A: As leukemia treatment becomes more and more effective and long-term survivors become more and more numerous, monitoring and follow-up of leukemia patients becomes more and more important, which is an area that needs to be improved in the current hematology community and is also an area that is easily overlooked by the families of leukemia patients. Here, I would like to remind that when leukemia patients are first diagnosed, they should be examined as comprehensively as possible to achieve MICM classification and capture specific markers (specific markers) of abnormal leukemia cells for later monitoring of micro residual disease (MRD) using flow cytometry and molecular biology techniques for timely management and prevention of recurrence. In general, leukemia patients need to be followed up for 3 to 5 years, and if they have not relapsed for 5 years, they can be said to be cured.

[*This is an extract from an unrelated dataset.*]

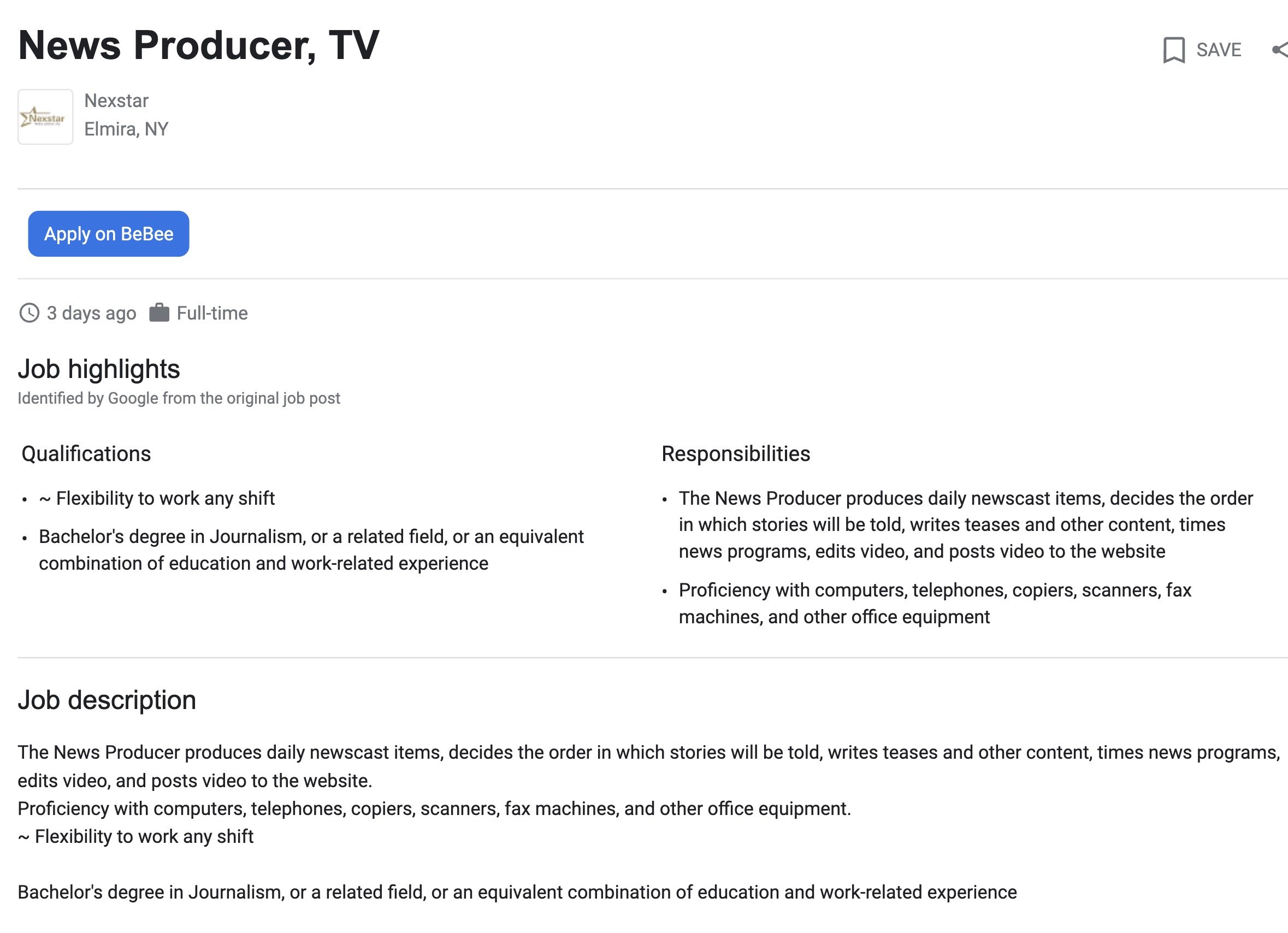 This job was posted just 3 days ago. The last time the station posted a Producer job it paid just $15 bucks and hour, or less than you would make at McDonald’s.

10. What is the prognosis of leukemia?
A: Before answering this question, please allow me to talk about my own personal experience. Once I was traveling on a train, and as a stranger in the carriage, I happened to overhear a conversation between two adult passengers whom I did not know, one of whom said, “I had leukemia when I was a child,” and the other immediately responded that he also had leukemia when he was a child. The other one immediately responded that he also had leukemia as a child, and of course both of them have been cured of their leukemia. It is clear that although leukemia is a malignant disease of blood-forming tissue, it is by no means an incurable disease! Due to the development of medical technology and the gradual increase in remission rates, leukemia has become a treatable disease and is not terrible. Through aggressive chemotherapy, Chinese herbal medicine, hematopoietic stem cell transplantation (radiotherapy), targeted therapy, immunotherapy and other comprehensive treatments, it has been possible to prolong the survival of more than 70% of patients, and 40% to 60% of patients can be cured.

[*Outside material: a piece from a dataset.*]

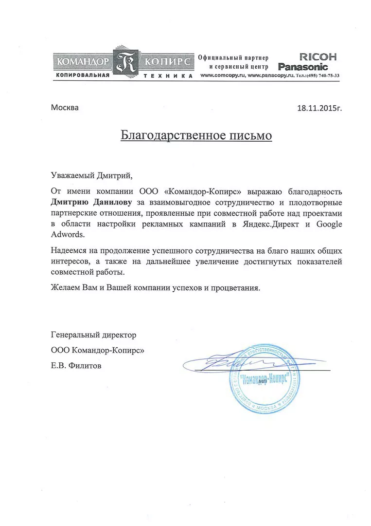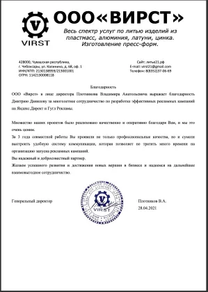 Прошло уже достаточное время для подведения итогов и определения эффективности работы маркетолога, поэтому могу написать отзыв. Данилова Дмитрия мне рекомендовал мой знакомый, поэтому я смело обратилась к нему и мы начали сотрудничество с настройки Яндекс Директ. Дмитрий настроил рекламу очень грамотно, каждый звонок и клик целевой, соответственно вырос трафик и повысилась отдача от рекламы. Затем он настроил ГУГЛ ЭДВОРДС, тут он тоже выполнил работу профессионально. И еще подключил сервис для отслеживания звонков с рекламы. Цены на услуги адекватные, всегда на связи, всегда держит в курсе, какие показатели, что исправляем, над чем работаем. Вносит правки по сайту. Рекомендую его своим знакомым и надеюсь на дальнейшее плодотворное сотрудничество.

The clinical prognosis of patients in the low-risk, intermediate-risk and high-risk groups is significantly different, and individualized treatment based on the above risk stratification can avoid under- or over-treatment.
For patients in the low-risk group, high-dose cytarabine-based intensive chemotherapy or autologous stem cell transplantation can be used after induction of remission to improve relapse-free survival and mortality. Sibling-to-sibling stem cell transplantation can also be performed for low-risk patients if a fully compatible sibling donor is available.
For intermediate-risk and high-risk patients, due to the presence of residual leukemia cells in the body after remission, it is best to perform allogeneic stem cell transplantation after induction of remission, with allogeneic stem cell sources available: sibling allogeneic bone marrow, unrelated donor stem cells (from Chinese bone marrow bank or Taiwan bone marrow bank), umbilical cord blood stem cells (single or double), semi-identical related stem cells (parents, children or siblings), and for some intermediate-risk patients who really cannot find a donor High-dose chemotherapy plus autologous stem cell transplantation is also possible for some patients in the intermediate risk group for whom no donor can be found. However, patients in the high-risk group are prone to relapse and it is best to perform allogeneic stem cell transplantation as soon as possible after remission.